The crowd seemed a lot more comfortable with this topic.

* Busking.
By late 2008, I had enough gigs in W.A to keep me going but was finding the East Coast tough going, gig wise.
The comedy rooms in Brisbane, Sydney and Melbourne were still not fans of my style of comedy. At least not fans enough to book me enough to have enough money to stay in the town.
In fact after four years in the bush most new comedians and comedy bookers weren't booking me because they hadn't even heard of me let alone because they were worried about my act being too rough. Plus the type of pubs where I hussled my own solo's shows on the west coast always seemed to be layered with management and rules and hoops when I was on the east coast.
When I spoke to the bar people on the East Coast, they generally had to get another manager, who had to report to another manager who wasn't there at the moment who outsourced all their entertainment through an agency who only put on act which were on their books etc. I was usually just left with a number which lead to an answering machine that didn’t call back.
It was a long slog, especially being an unknown entertainer, whereas in W.A the guy serving the beer behind the bar was usually the guy who ran the pub and made the decisions… on the spot. (And like Woody and Pidge they then went on to become my mates.) Their response on meeting them was more likely to shrug their shoulders and give me a go.
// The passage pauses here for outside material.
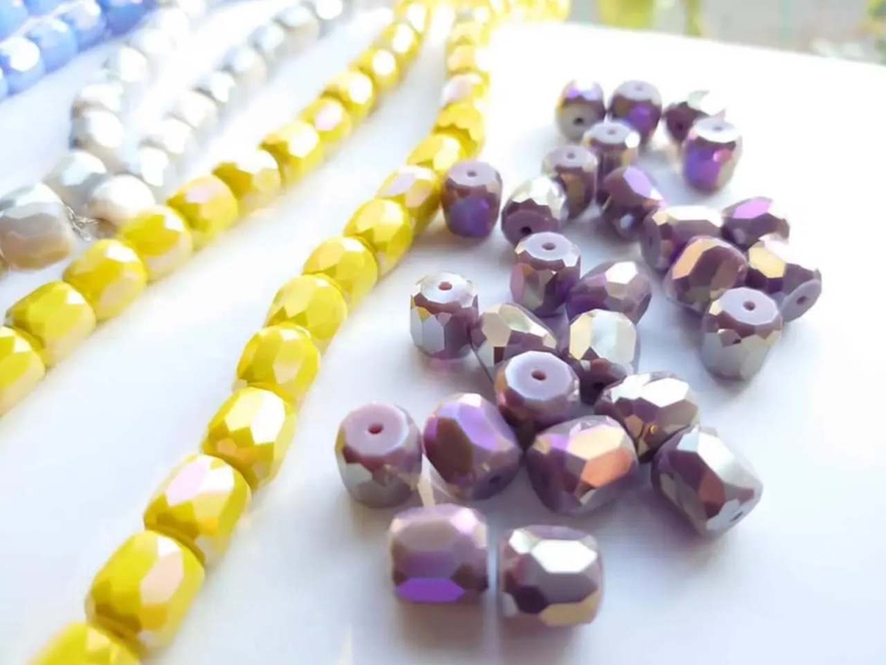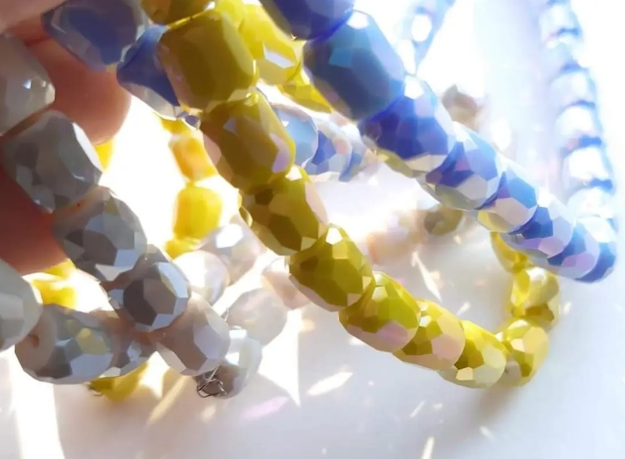 【値下げ在庫限り】ガラス 円柱 多面カット ビーズ 2個

On the east coast the only gigs I could really get were through small pubs where I told the owner to put a poster up inside and a bit of chalk work outside and from there ‘I'll come down on the next Saturday, do my act and then put my hat out so don’t worry about paying me'.
One such gig was at Tewantin on the Sunshine Coast. I was staying with my friend Jo who'd just had a baby. She'd pissed the Father of her child off three months ago before her kid was born after finding out about his four other current girlfriends and two ex wives who were chasing him for maintenance.
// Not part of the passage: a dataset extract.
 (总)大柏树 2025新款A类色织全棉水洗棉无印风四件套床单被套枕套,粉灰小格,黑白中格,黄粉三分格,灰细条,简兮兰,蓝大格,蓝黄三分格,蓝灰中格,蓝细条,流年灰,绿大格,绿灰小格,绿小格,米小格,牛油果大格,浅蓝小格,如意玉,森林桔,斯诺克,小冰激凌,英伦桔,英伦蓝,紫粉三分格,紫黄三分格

When she kicked him and all his stuff out onto the street and paid for a removalist van to pick it up, the last thing he yelled from the passenger seat was 'can I still get my mail sent here?'
Anyway I dropped in while in Tewantin to see Jo and for a free, friendly couch in return for learning how to change nappies and burp a kid - which she said was handy while she was out surfing with her mates. It was a fun, hippie-esque house. And her girl Ayla was a magnet for all her childless friends to learn some skills on and fall in love with babies for the first time.
By this time too, on my four year tour, I was craving being longer with people I knew also translated into doing less gigs. In response, I had stopped drinking alcohol at all as well as eating sugar or fatty foods. As much for cost reasons as health. With the money always tight, I was constantly thinking about how I could put the most nutrition into my body for the least cost. And I found it was working for me in more ways than I expected. I was getting healthier, spending less and having time to hang with good friends more in the process. And I wanted to see how much further I could go on this new 'trip'.
And then I went to the Eumundi markets and ran into an old clown mate Craig, who was running a stall up there. Dave had introduced me to Craig years ago. He used to work as a clown as well. Craig then introduced me to sprouts. I did some reading up on it. All you had to do was soak them overnight in water and then put them into a porous bag and dunk them in water two or three times a day. And then in three days time you had food! With three muslin bags which I rotated, I had suddenly found a way to grow my own food while travelling. It was a big revelation and opened up a whole new world to me.
I started mixing up mung beans, alfalfa, lentils, adzuki and chick peas together. The result was technically a whole food, full of protein, carbs, enzymes, vitamins and minerals. I did more reading and realised it was not only the cheapest food but also the most nutritional food you could eat and the easiest to grow plus I could do it from my bag without soil. Taste wise it was fine too. And energy wise, I wasn't having any dips in my day at all.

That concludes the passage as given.